Le lendemain, le réveil a sonné à 06h00 (les coureurs ne connaissent pas les grasses matinées). Nous avons pris une heure pour nous préparer et petit déjeuner avant de prendre la route aux alentours de 7h00. Bien plus pratique en voiture qu’en transport en commun, nous avons pris ma voiture pour rejoindre Versailles où nous avions rendez-vous avec tous les autres happyrunneurs et happyrunneuses. Nous nous sommes tous retrouvés (avec un petit peu de retard) à l’espace presse pour y récupérer nos dossards. Le départ était prévu à 9h00, vers 8h45, était venu le temps pour Tiffany, Bénédicte et moi d’aller aux toilettes avant de se diriger vers la ligne de départ. Comme souvent, ça s’est fini « cachées » derrière un arbre (les coureuses se reconnaîtront, aha). Nous prenons finalement la direction de l’arche de départ…

Premier tiers.

Nous savions qu’il n’y avait pas de SAS, mais nous nous attendions pas à devoir autant attendre pour prendre le départ. En effet, nous sommes finalement parties à 9h30 passé, soit plus de 30 minutes après le départ officiel annoncé. Nous étions toujours toutes les trois avec Tiffany et Bénédicte et à vrai dire nous étions dans le même état d’esprit… Pas de motivation, toutes les trois fatiguées, en manque de sommeil et l’un des deux genoux à moitié en vrac. Ca annonçait bien la couleur de la course… Je pense que nous comptions toutes secrètement sur la motivation de/des autre(s) pour réussir à se motiver à notre tour. Finalement, à 9h35 lorsque nous passons l’arche de départ, la motivation est aux abonnées absentes pour tout le monde. Au premier virage, nous apercevons un homme sur le côté avec un crampe au mollet, nous en rigolons, mais au final, nous n’en menons pas large non plus. Nous papotons en tentant de faire passer le temps et les kilomètres plus rapidement, mais nous faisons finalement que « couiner » et nous plaindre. La course s’annonce longue…

Deuxième tiers.

Nous approchons le cinquième kilomètre, le parcours est pour le moment très nature. Nous alternons entre du chemin, de l’herbe, des pavés, bref un terrain parfait pour nos genoux en vrac (ironie). Nous rejoignons finalement le cinquième kilomètre, nous n’avons même pas à nous poser la question pour savoir que nous nous arrêtons prendre un verre d’eau au ravitaillement (toute excuse était bonne pour s’arrêter, oups…).
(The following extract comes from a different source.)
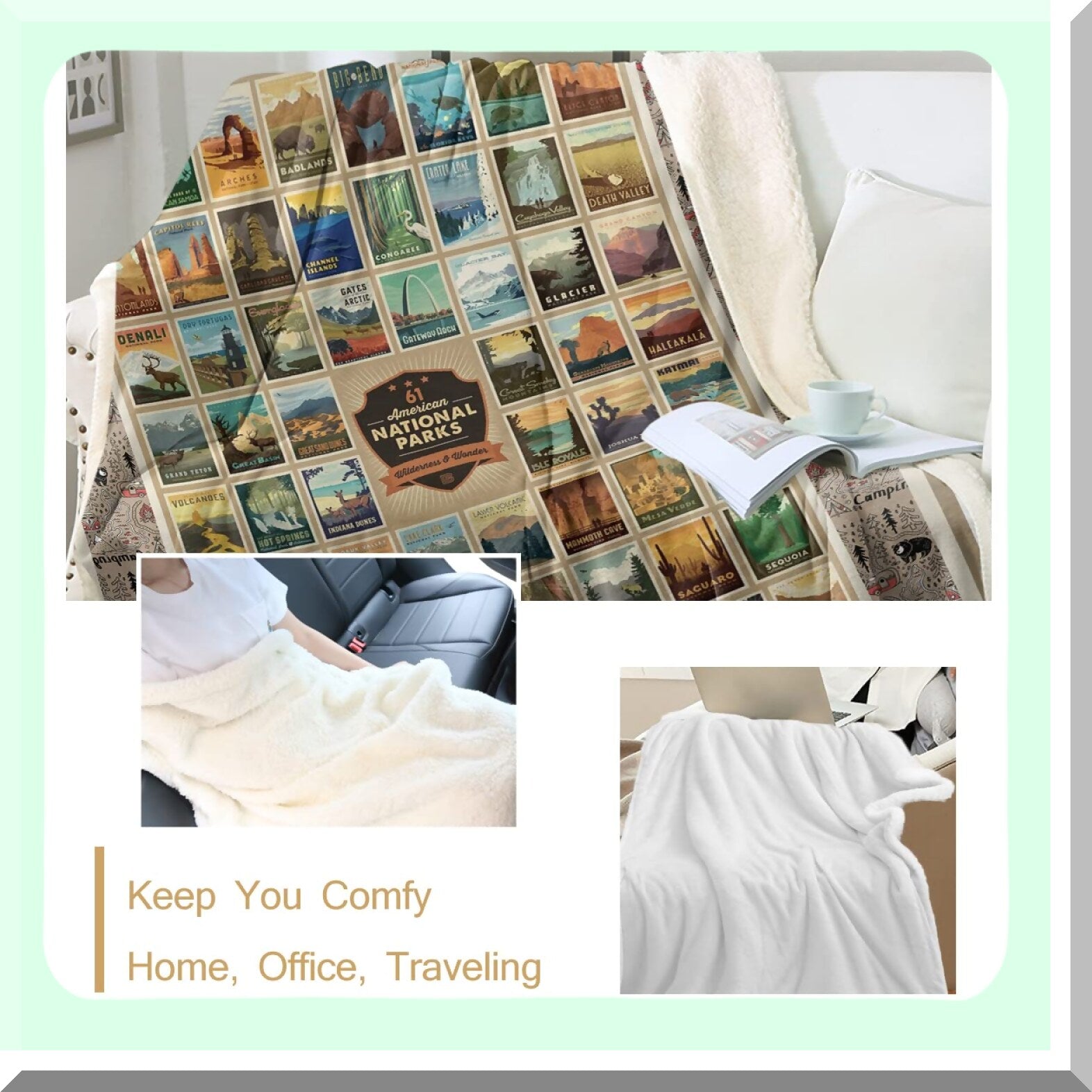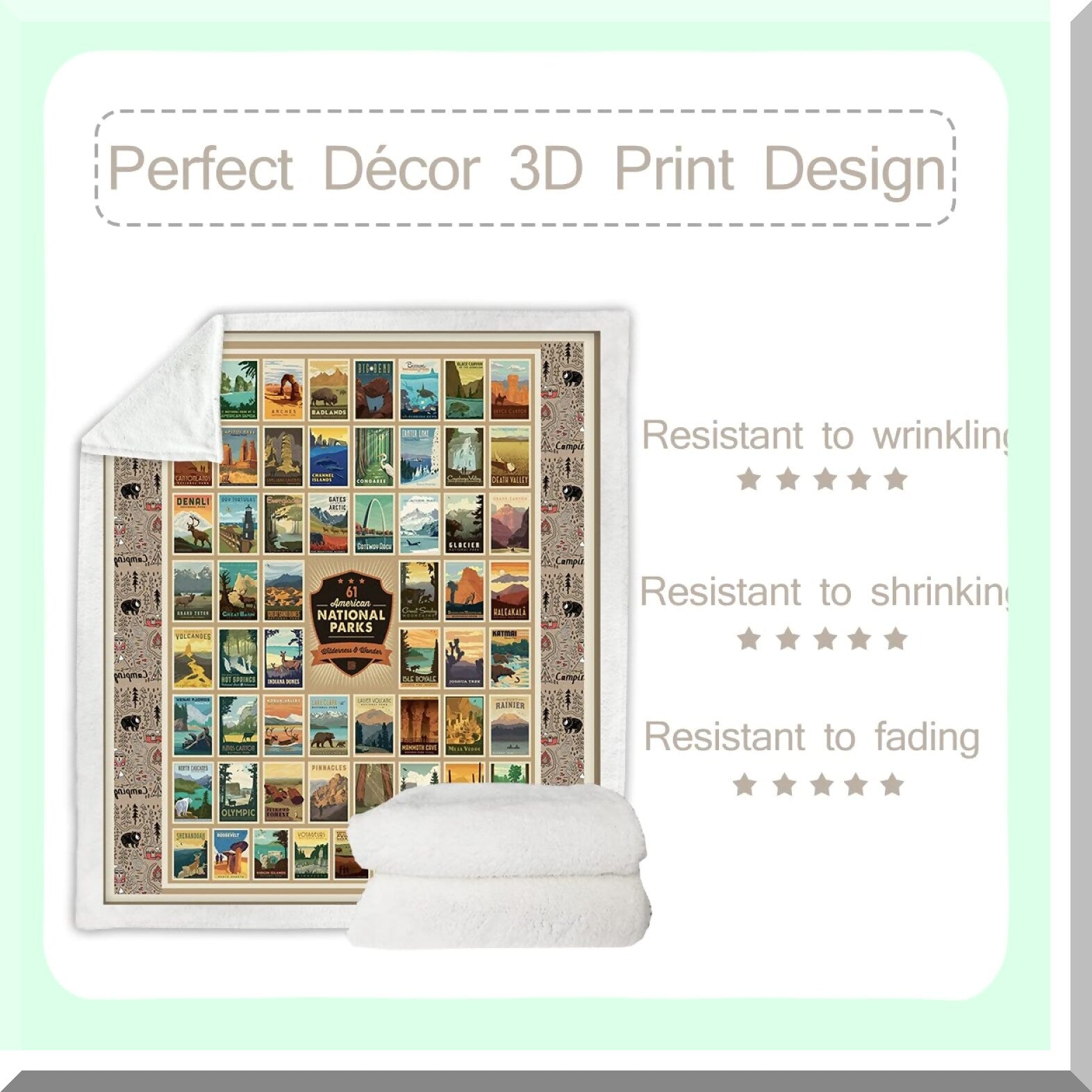 Vintage National Parks Sherpa Blanket - Fluffy Microfiber Fleece Throw, Lightweight Twin 60"x80" for Bed or Couch"

Nous repartons et essayons de nous focaliser sur le positif. Parce qu’après tout, il faut avouer que l’environnement dans lequel nous étions était incroyable. Nous ne courrons pas dans les jardins du Château de Versailles tous les jours, il faut se le dire. Et puis le temps était parfait, un ciel un petit peu couvert qui nous protégeait des rayons du soleil et de la chaleur, une fraîcheur et une petite brise qui étaient ma foi bien agréables. Finalement il ne nous manquait qu’une chose : la motivation. Et c’était une première pour moi. Comme je le disais au début de l’article, je ne me force jamais, lorsque je n’ai pas envie, je ne vais pas courir ou bien j’écourte ma sortie. Là, nous « devions »  aller au bout, alors nous nous sommes soutenues toutes les trois comme nous avons pu pour aller franchir cette ligne d’arrivée que nous attendions dès le départ.

Troisième tiers.

Deuxième ravitaillement au dixième kilomètre et forcément, deuxième arrêt. Nous avalons chacune un verre d’eau et repartons derrière un groupe de quatre coureurs déguisés et motivés. Plein d’entrain et de bonne humeur, ils chantaient et mettaient un petit peu d’ambiance. Et il faut le dire, cette petit dose d’ambiance était la bienvenue durant cette course. Parce qu’au-delà du fait que c’était un jour sans pour toutes les trois, l’ambiance sur le parcours n’était pas vraiment au rendez-vous. [Lorsqu’une course officielle parcourt/traverse une ville ou un village, nous pouvons compter sur les habitants pour nous encourager, sur les enfants pour nous tendre la main… Ici, au coeur des jardins du Château de Versailles, nous étions un petit peu seuls… Sur 15 kilomètres, nous avons croisé deux petits groupes d’orchestre/fanfare. Ils étaient certes les bienvenus, mais bien trop nombreux (à notre goût). Nous n’aurions pas dit non à un petit peu de musique sur le parcours pour mettre de l’ambiance et encourager les participants.] Nous nous sommes donc imprégnées de l’entrain de ces 4 coureurs pour se motiver. Sur les 500 derniers mètres, nous avons finalement retrouvé un petit peu de vie et les encouragements des participants (déjà arrivés) et des accompagnateurs. Comme à notre habitude, nous nous sommes dirigées vers l’arche d’arrivée main dans la main et avec le sourire. Parce que même si ce n’était pas notre jour, nous étions tout de même fières d’être arrivées au bout et surtout d’avoir partagé la course toutes les trois.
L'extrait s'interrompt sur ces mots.